How does local production contribute to the success of Chinese EVs in Africa?

Local production has become a cornerstone of Chinese electric vehicle (EV) success in Africa. By establishing assembly plants and collaborating with local manufacturers, Chinese automakers cut down on import duties and shipping expenses. This strategy makes their vehicles more affordable for cost-conscious buyers across the continent. Additionally, these efforts align with government policies that reward local manufacturing through tax incentives and preferential treatment.

But it’s not just about cost. Local production also generates jobs, develops technical expertise, and fosters stronger ties with African nations. By weaving their operations into local supply chains – such as linking EV production with lithium mining in Nigeria – Chinese brands secure a steady flow of parts and services. This integration doesn’t just make EVs more accessible; it also roots these companies deeply within African economies, fueling market growth and supporting the shift toward cleaner, greener mobility.

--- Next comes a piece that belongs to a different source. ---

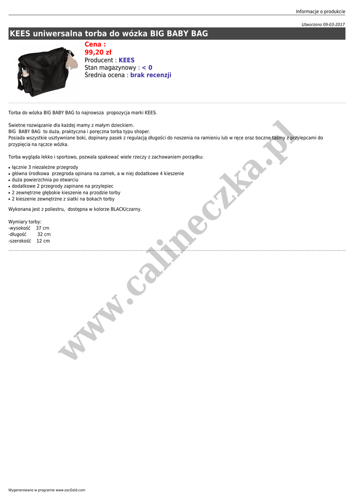 Informacje o produkcie Utworzono 09-03-2017 KEES uniwersalna torba do wózka BIG BABY BAG Cena : 99,20 zł Producent : KEES Stan magazynowy : < 0 Średnia ocena : brak recenzji Torba do wózka BIG BABY BAG to najnowsza propozycja marki KEES. ● ● ● ● ● łącznie 3 niezależne przegrody główna środkowa przegroda opinana na zamek, a w niej dodatkowe 4 kieszenie duża powierzchnia po otwarciu dodatkowe 2 przegrody zapinane na przylepiec 2 zewnętrzne głębokie kieszenie na przodzie torby 2 kieszenie zewnętrzne z siatki na bokach torby Wykonana jest z poliestru, dostępna w kolorze BLACK/czarny. w w w .c al in Wymiary torby: -wysokość 37 cm -długość 32 cm -szerokość 12 cm ec ● Wygenerowano w programie www.oscGold.com zk a. Torba wygląda lekko i sportowo, pozwala spakować wiele rzeczy z zachowaniem porządku: pl Świetne rozwiązanie dla każdej mamy z małym dzieckiem. BIG BABY BAG to duża, praktyczna i poręczna torba typu shoper. Posiada wszystkie usztywniane boki, dopinany pasek z regulacją długości do noszenia na ramieniu lub w ręce oraz boczne taśmy z przylepcami do przypięcia na rączce wózka.

How are Chinese EV companies solving Africa’s charging infrastructure challenges?

Chinese electric vehicle (EV) companies are tackling Africa’s limited charging infrastructure with creative solutions and smart partnerships. They’re teaming up with local businesses to build charging stations powered by renewable energy sources like solar and wind. This approach not only reduces dependence on unreliable grid electricity but also supports sustainable energy use. In some cases, manufacturers are setting up charging stations directly within their dealerships, turning them into convenient hubs for both EV sales and charging.

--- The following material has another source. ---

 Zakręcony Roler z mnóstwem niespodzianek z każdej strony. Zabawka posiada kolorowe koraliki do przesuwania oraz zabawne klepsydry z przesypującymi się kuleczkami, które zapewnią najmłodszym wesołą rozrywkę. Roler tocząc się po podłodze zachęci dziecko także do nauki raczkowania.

Another clever strategy involves shipping knock-down kits – packages that include chargers and modular charging equipment. These kits simplify the process of setting up charging infrastructure locally. To ensure smooth operations, Chinese automakers are also offering training programs for local technicians, equipping them with the skills needed to install and maintain these systems. By blending renewable energy, localized assembly, and financial partnerships, these companies are breaking down infrastructure barriers and paving the way for broader EV adoption across Africa.